A sua mãe também tinha altos e baixos?
Estive praticamente nove anos sem ver a minha mãe. Só fui lá uma vez, tinha uns cinco anos. A minha mãe sonhou que eu tinha morrido. Estava muito mal no hospital e eu tive que ir lá. Lembro-me que eu queria ir ao colo, porque era ainda muito pequena. Ainda hoje sou mandriona, não gosto nada de andar! Passado um tempo, vieram todos para Lisboa.

Viveu muito tempo afastada dos seus pais e numa fase importantíssima para uma criança. Foi uma época má da sua vida?
Não. O sofrimento foi mais quando veio a minha mãe. Tinha os meus 14 anos. Quando veio a minha mãe e os meus irmãos, eu queria estar em casa dos meus pais, porque lá havia gente, e na da minha avó só havia o meu avô. A minha avó ficou triste. Como os meus irmãos trabalhavam (quer dizer, um trabalhava e outro era um bocado maluco mas era bom rapaz, eu gostava muito dele, foi boxeur), eu é que tomava conta da casa. Sabia fazer tudo, lavar e passar.
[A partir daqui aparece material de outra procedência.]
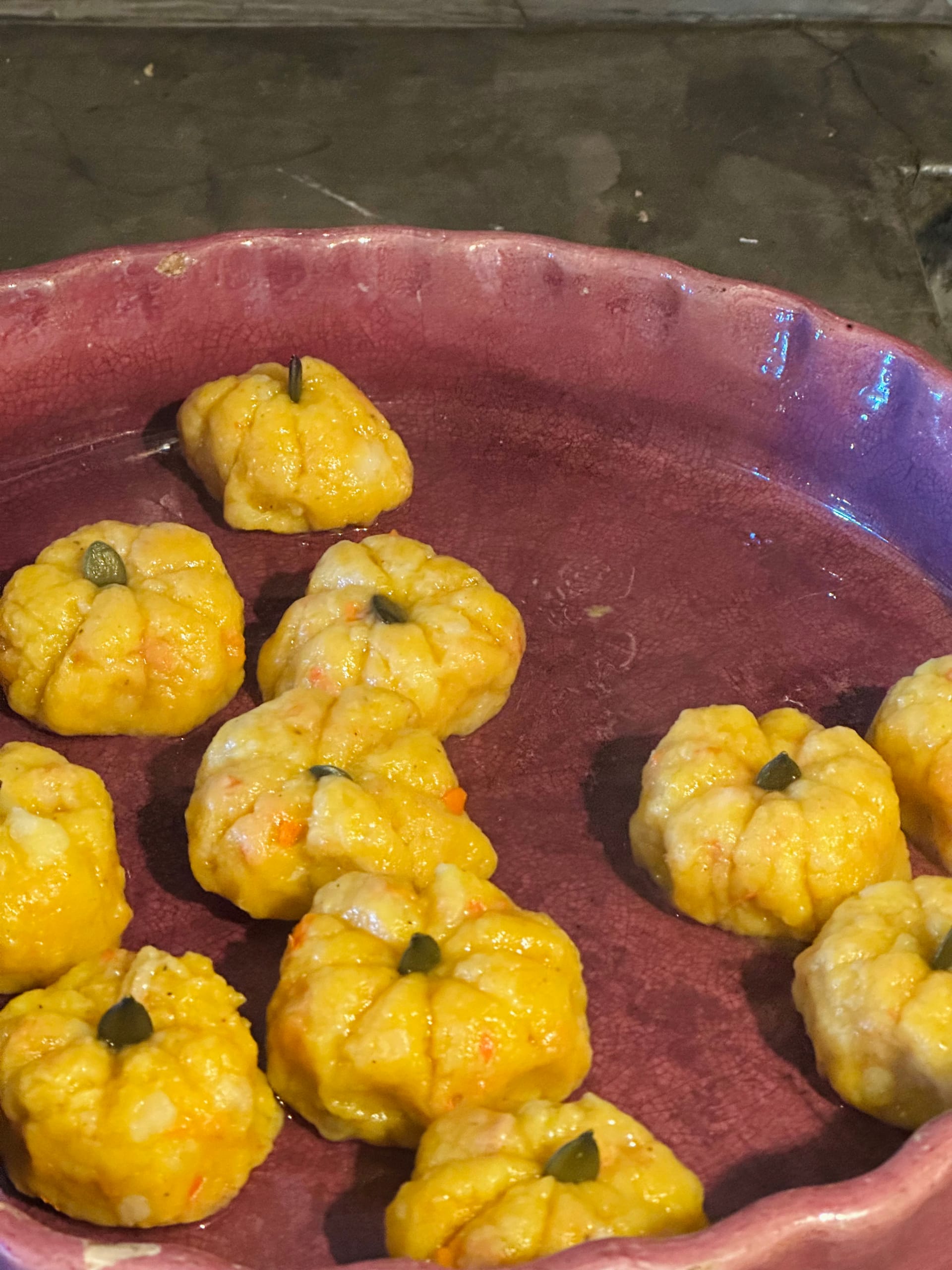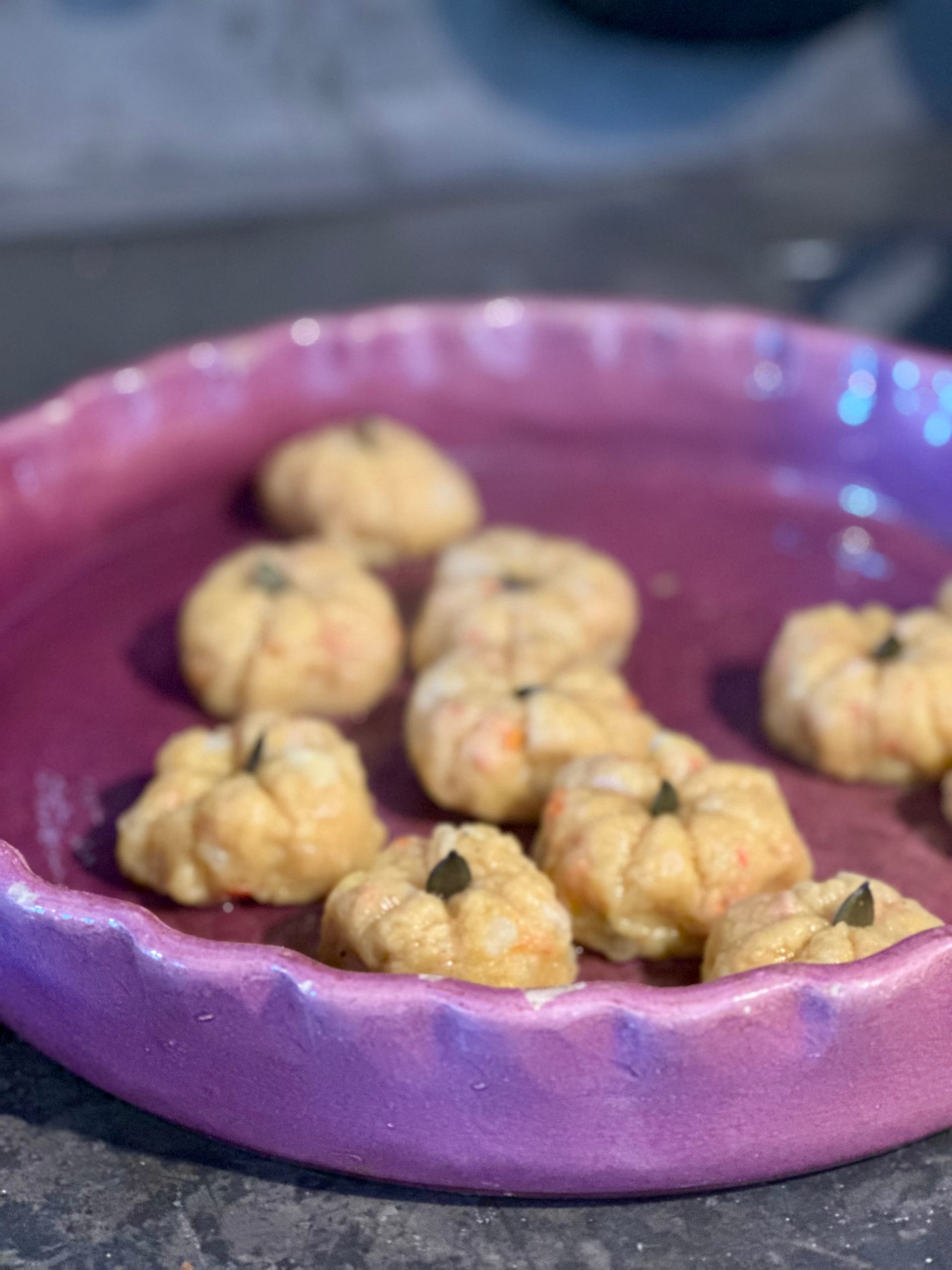 4. Ajouter une graine de courge sur le dessus de chaque gnocchi.
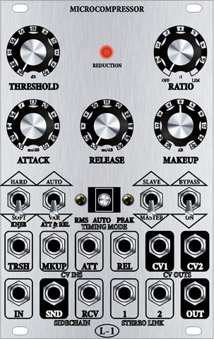 adjustable by potentiometers threshold, ratio, attack, release, makeup gain.

Sempre se sentiu um bocadinho rejeitada pela mãe...
Ela foi má para mim sem o ser, sabe o que é? Era o feitio dela... O feitio que, coitadinha, teve até morrer. A minha mãe chamava-se Lucinda, não é um nome muito feio. nem muito bonito, não é?... E era uma pessoa muito estranha, mas muito engraçada. Tinha um feitio um bocado esquisito. Os bombeiros passavam a vida lá em casa porque ela achava que estava sempre doente e queria ir para o hospital. Mas quando eles chegavam já estava melhor. Depois, como as outras filhas eram criadas com ela e eu não, ela gostava mais das outras do que de mim. Também é natural. Elas eram mais, eu era só uma, era pequenina, não valia a
pena.

O que herdou dos dois? Com quem se acha mais parecida?
O meu pai a tocar era como eu a cantar. Não tocava nada de que não gostasse muito. E fechava os olhos... E eu fui para a televisão a primeira vez, a segunda, a terceira, a quarta e a última, e não era capaz de abrir os olhos. Em toda a parte eu abria um bocadinho os olhos, mas depois fechava-os com vergonha... O meu pai era exactamente igual a mim. No palco também fecho os olhos. Não é por querer... Estar.com os olhos sempre fechados é muito chato.

E da sua mãe, o que herdou?
A minha mãe cantava muito bem, tinha uma voz muitíssimo bonita e era quase igual a mim, porque não era capaz de cantar uma coisa sempre da mesma maneira. Havia uma canção de que eu gostava muito, que era a Santa Luzia, e eu queria que ela me ensinasse. Mas de cada vez que ela cantava, era diferente... Não consegui aprender. A minha mãe gostava de cantar e cantava muito bem, mas não podia cantar por causa dos 'ssss'. «Osss amoresss quesss messs dedicastesss»...

Chegou a fazer a primária?
Sim fui para a primária com nove anos e meio e porque um dos meus tios, que achava que eu era esperta, convenceu a minha avó. Já tinha passado a data das inscrições, mas uma contínua meteu uma cunha. Eu tinha muitas doenças de brônquios, estava quase sempre na cama com papas de linhaça, com ventosas, com tudo. Chegava à escola e a professora mandava-me embora. Só que eu não me queria ir embora. Queria estar na escola... Gostava muito de ir para a escola, gostava muito da professora e ela gostava muito de mim. Passei sempre, sempre com vinte valores. E não tinha livros...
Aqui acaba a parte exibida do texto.